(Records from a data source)
"""
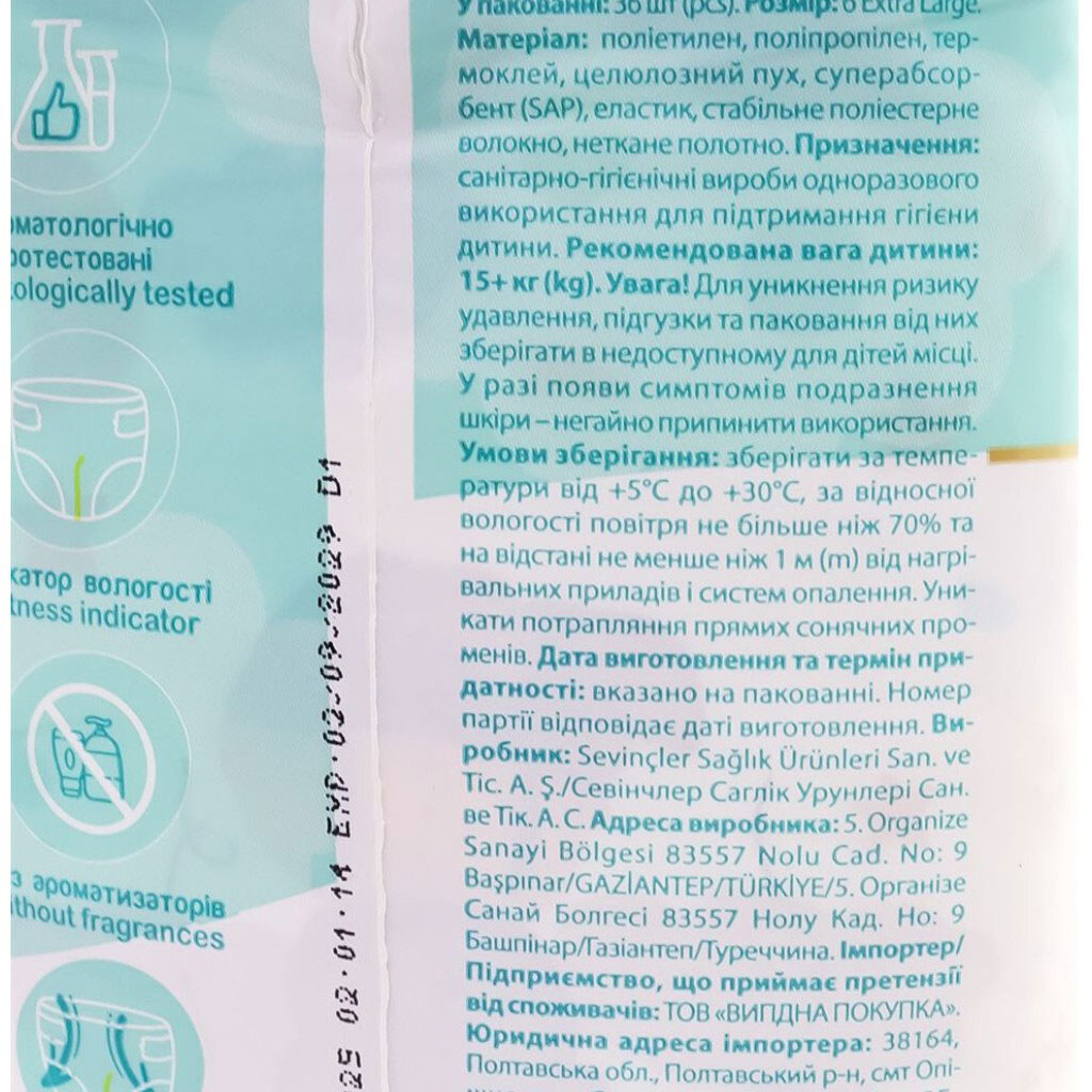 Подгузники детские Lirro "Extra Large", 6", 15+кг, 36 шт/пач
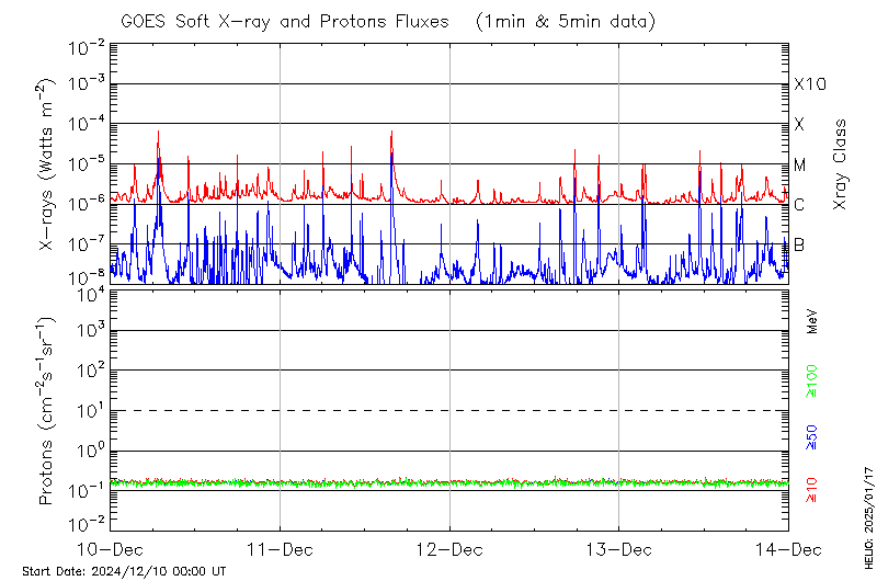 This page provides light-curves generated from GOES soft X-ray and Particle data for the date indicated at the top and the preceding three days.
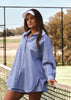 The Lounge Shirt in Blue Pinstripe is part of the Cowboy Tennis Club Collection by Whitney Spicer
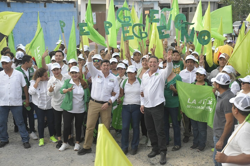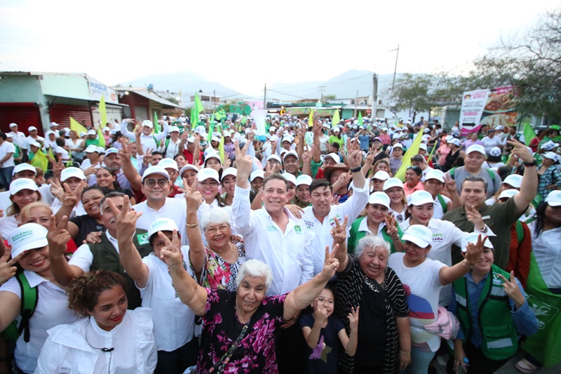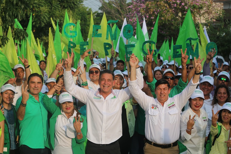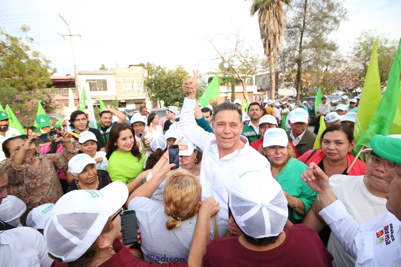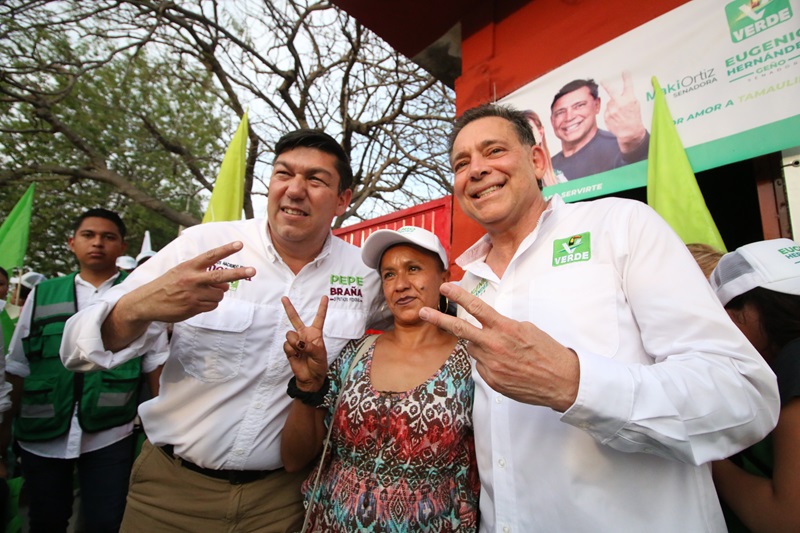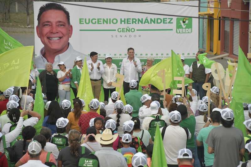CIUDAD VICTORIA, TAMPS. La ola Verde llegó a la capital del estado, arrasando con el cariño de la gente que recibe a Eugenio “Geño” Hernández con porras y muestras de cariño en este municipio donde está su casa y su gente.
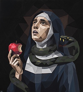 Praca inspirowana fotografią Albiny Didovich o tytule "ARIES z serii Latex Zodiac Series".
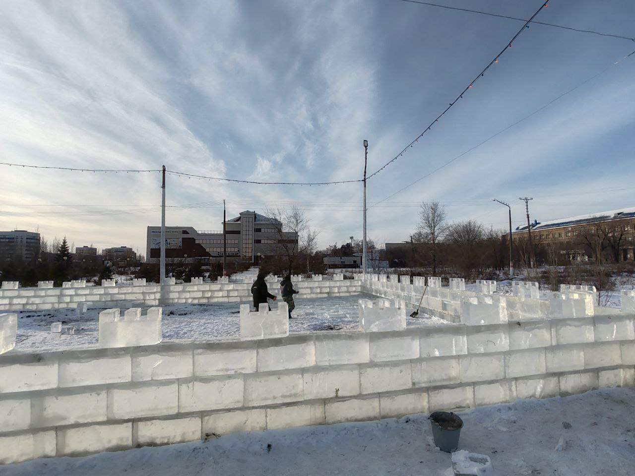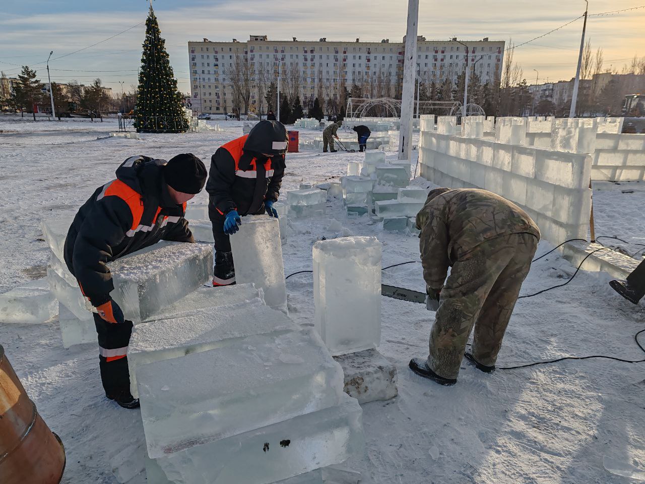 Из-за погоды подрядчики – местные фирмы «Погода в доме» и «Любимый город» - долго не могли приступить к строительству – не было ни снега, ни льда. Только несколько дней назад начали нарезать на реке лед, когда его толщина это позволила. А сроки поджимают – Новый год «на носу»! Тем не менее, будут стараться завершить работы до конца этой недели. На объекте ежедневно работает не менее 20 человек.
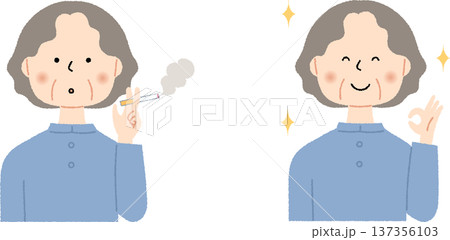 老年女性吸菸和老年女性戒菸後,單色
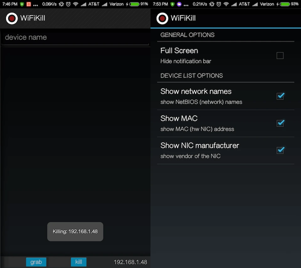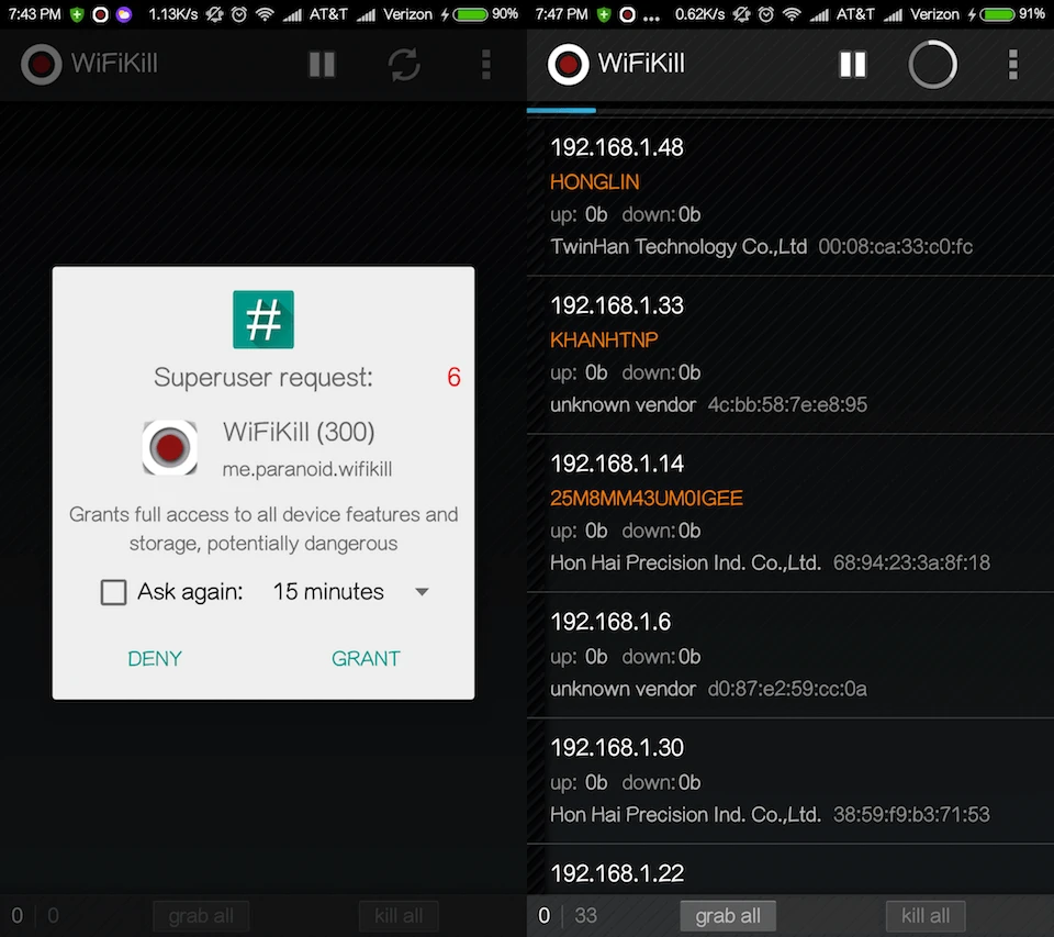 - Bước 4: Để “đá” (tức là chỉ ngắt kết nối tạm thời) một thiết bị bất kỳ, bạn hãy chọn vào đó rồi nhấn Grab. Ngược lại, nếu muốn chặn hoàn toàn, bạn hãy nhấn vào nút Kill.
"""
#### [Your instructions]
Each line from the start of the entries to the line holding "This page provides" is to be given again exactly, both ends included, and each picture is to be left out.

#### [Result of this exercise]
 Подгузники детские Lirro "Extra Large", 6", 15+кг, 36 шт/пач
 This page provides light-curves generated from GOES soft X-ray and Particle data for the date indicated at the top and the preceding three days.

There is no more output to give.